_SUPPLIED DATA_
=====
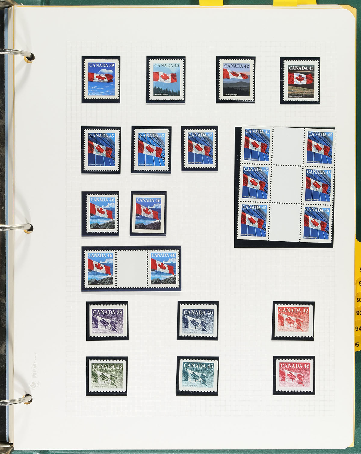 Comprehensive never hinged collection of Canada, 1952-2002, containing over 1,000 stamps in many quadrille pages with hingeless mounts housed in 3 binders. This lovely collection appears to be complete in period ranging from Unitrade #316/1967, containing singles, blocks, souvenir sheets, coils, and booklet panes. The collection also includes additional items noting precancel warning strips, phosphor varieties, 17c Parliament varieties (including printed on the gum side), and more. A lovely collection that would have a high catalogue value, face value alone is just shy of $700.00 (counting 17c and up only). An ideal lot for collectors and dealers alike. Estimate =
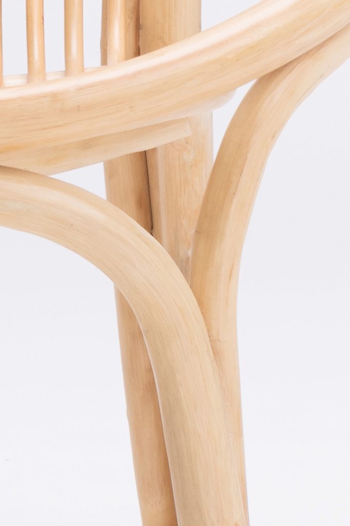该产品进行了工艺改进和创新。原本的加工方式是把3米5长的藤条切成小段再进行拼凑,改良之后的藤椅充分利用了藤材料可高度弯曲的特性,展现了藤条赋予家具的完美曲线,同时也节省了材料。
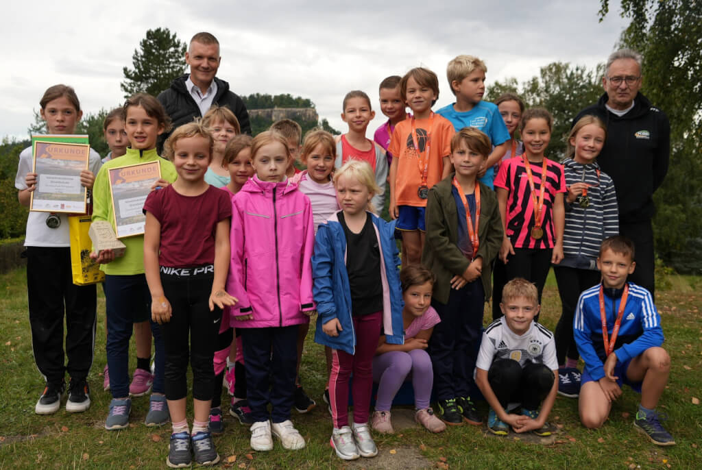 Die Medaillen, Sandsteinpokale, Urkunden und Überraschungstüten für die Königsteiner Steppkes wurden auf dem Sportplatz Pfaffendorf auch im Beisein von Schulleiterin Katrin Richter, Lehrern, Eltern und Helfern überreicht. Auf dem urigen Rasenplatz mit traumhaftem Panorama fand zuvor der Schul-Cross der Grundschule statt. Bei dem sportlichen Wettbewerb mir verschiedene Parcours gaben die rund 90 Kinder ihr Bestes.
=====
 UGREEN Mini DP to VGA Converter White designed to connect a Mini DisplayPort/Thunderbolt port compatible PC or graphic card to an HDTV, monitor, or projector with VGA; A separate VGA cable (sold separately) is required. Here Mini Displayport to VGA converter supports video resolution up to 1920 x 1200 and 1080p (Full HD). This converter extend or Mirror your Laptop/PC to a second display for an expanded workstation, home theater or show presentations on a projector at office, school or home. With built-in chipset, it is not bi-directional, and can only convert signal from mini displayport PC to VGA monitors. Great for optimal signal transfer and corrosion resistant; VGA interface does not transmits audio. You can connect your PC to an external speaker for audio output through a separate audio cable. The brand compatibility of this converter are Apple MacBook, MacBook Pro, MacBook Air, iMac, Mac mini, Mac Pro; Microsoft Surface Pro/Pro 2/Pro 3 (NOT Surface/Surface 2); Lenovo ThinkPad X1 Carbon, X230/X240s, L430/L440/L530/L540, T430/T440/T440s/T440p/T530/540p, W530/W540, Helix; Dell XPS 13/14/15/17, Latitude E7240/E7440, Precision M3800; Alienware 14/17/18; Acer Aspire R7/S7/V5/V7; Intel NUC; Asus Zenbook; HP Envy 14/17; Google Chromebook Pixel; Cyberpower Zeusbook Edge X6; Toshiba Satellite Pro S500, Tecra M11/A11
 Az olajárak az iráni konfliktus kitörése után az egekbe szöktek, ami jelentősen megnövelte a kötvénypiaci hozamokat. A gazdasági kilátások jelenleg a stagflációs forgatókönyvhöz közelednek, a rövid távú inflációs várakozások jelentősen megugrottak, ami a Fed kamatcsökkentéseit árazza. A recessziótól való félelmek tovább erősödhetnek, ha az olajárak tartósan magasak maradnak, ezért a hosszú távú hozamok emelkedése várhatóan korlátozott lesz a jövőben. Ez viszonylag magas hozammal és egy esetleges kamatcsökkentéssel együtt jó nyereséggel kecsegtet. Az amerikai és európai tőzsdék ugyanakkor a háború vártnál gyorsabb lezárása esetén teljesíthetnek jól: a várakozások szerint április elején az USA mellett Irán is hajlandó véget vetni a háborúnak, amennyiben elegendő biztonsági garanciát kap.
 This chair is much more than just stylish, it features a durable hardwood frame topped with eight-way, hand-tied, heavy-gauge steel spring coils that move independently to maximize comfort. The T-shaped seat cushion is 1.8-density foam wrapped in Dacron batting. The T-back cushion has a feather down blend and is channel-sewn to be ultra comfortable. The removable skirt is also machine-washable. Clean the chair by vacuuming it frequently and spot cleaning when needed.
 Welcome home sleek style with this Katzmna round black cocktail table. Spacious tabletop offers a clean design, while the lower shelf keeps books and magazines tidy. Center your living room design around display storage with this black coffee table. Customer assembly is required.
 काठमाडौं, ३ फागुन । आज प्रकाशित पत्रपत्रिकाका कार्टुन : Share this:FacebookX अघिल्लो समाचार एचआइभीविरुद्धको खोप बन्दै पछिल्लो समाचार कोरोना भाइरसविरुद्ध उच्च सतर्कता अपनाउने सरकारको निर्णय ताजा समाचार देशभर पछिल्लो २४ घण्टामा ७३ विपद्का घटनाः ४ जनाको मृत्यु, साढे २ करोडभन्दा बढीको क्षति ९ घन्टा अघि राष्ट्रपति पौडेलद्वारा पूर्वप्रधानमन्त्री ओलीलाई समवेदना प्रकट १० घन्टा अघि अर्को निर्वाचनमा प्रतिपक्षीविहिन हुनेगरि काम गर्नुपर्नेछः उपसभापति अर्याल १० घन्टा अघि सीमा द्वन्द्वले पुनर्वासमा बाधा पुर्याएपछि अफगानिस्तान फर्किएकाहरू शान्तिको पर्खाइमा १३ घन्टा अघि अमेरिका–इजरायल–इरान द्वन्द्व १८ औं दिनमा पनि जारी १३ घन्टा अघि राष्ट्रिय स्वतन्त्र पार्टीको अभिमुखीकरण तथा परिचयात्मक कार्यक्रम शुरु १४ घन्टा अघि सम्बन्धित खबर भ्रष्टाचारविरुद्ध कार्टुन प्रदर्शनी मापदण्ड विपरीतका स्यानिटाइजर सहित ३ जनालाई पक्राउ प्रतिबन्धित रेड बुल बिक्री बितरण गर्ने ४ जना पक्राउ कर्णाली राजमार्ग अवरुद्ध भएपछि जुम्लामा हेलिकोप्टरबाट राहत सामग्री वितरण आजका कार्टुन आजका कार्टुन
=====
Write down exactly the span of lines above from the one containing "Az olajárak az" to the one containing "Welcome home sleek", both ends included.

 Az olajárak az iráni konfliktus kitörése után az egekbe szöktek, ami jelentősen megnövelte a kötvénypiaci hozamokat. A gazdasági kilátások jelenleg a stagflációs forgatókönyvhöz közelednek, a rövid távú inflációs várakozások jelentősen megugrottak, ami a Fed kamatcsökkentéseit árazza. A recessziótól való félelmek tovább erősödhetnek, ha az olajárak tartósan magasak maradnak, ezért a hosszú távú hozamok emelkedése várhatóan korlátozott lesz a jövőben. Ez viszonylag magas hozammal és egy esetleges kamatcsökkentéssel együtt jó nyereséggel kecsegtet. Az amerikai és európai tőzsdék ugyanakkor a háború vártnál gyorsabb lezárása esetén teljesíthetnek jól: a várakozások szerint április elején az USA mellett Irán is hajlandó véget vetni a háborúnak, amennyiben elegendő biztonsági garanciát kap.
 This chair is much more than just stylish, it features a durable hardwood frame topped with eight-way, hand-tied, heavy-gauge steel spring coils that move independently to maximize comfort. The T-shaped seat cushion is 1.8-density foam wrapped in Dacron batting. The T-back cushion has a feather down blend and is channel-sewn to be ultra comfortable. The removable skirt is also machine-washable. Clean the chair by vacuuming it frequently and spot cleaning when needed.
 Welcome home sleek style with this Katzmna round black cocktail table. Spacious tabletop offers a clean design, while the lower shelf keeps books and magazines tidy. Center your living room design around display storage with this black coffee table. Customer assembly is required.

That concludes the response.